Scrum Events: Sprint Review (Demo)
Do you get enough feedback from your stakeholders and customers? Do you feel like you’re shipping great software every week, but nobody knows what you’re doing? Do you feel out of touch with what your teams are working on?
Then the Sprint Review—also known as the Sprint Demo—is for you. This 3-minute video will give you an overview of the Scrum event, along with some tips and tricks I’ve learned along the way.
Sprint Review is held at the end of every sprint to celebrate the team’s success, inspect the product increment delivered by the Development Team, and adapt the product backlog as needed. It is also an opportunity for the Scrum Team to demonstrate transparency about their output and process to their stakeholders so as to foster mutual trust.
The event is attended by the entire Scrum team and the stakeholders and customers invited by the Product Owner. Some teams find it useful to complete their first Review or two privately so that they can get the hang of it before inviting stakeholders and customers as stakeholders who attend many disorganized events may not come back for more.
Here’s a sample agenda that covers the most important points of a sprint review.
First, the product owner welcomes their stakeholders and explains what product backlog items have and have not been fully completed.
Second, the development team briefly talks about their experiences during the sprint, including any impediments that arose and how they resolved them. Note that most teams complete their sprint retrospective event after the sprint review so that they can include what happened at sprint review in the retrospective, so be aware that you may not have the most refined responses yet. Also, this isn’t an opportunity for stakeholders to criticize the team’s process. If a stakeholder has this type of concern, they should discuss it with the Scrum Master and/or Product Owner after the event.
Third, the Development team demonstrates each completed backlog item, ideally from the end-user’s perspective: show results, not code. Demonstrating backlog items on staging can illustrate that the work integrated correctly. While demonstrating from production is nice, it is not necessarily required.. Stakeholders should be encouraged to ask questions and provide feedback; anyone on the team can answer.

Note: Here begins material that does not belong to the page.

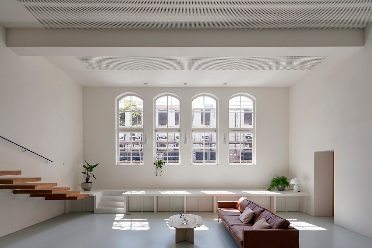 높은 천정과 유럽풍 느낌의 창문이 나란히 나열되어 있는 모습. 빈티지하면서도 감각적인 분위기를 연출해 주고 있습니다. 거실에는 작은 탁자와 소파 하나 뿐이 없는데도 말이죠. 해당 전원주택 인테리어는 높은 천정을 갖추고 있다는 점, 창문이 조금 윗 쪽에 있다는 점을 고려하여 스킵플로어 형태의 공간을 만들고, 그 공간은 2층으로 이어지게 시공하였습니다.
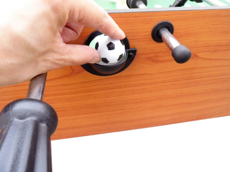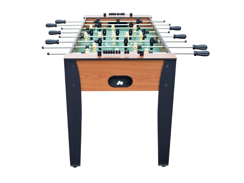 - The Hurricane 54-in Foosball Table in Dark Walnut is engineered to bring family fun and excitement right into the comfort of your home. Designed for recreational fun and competition, this table is perfect for players of all ages. The cabinet is constructed from CARB certified MDF and supported by four sturdy L-shaped legs with adjustable leg levelers to keep your table balanced on uneven surfaces. The rich, dark Walnut and Black melamine cabinetry showcase the life-like grass playfield creating a handsome looking table that plays great. Includes four quality foosballs. 180-day limited warranty.

Fourth, the product owner can share forward-looking updates. What is the current state of the backlog? Have any longer-term forecasts, such as release date and scope, changed?
Fifth, all attendees participate in an adaption exercise: having inspected the product increment and backlog presented transparently by the Scrum team, what adaptations would should we make? It can also be helpful to talk about changes in the market or other team-external events that could impact the team’s future plans.
The primary output of the Sprint Review is an updated product backlog that reflects the event.
This event can take up to one hour per week of iteration, but most teams and stakeholders will want to complete it in less time, typically 30-60 minutes for a 2-week sprint.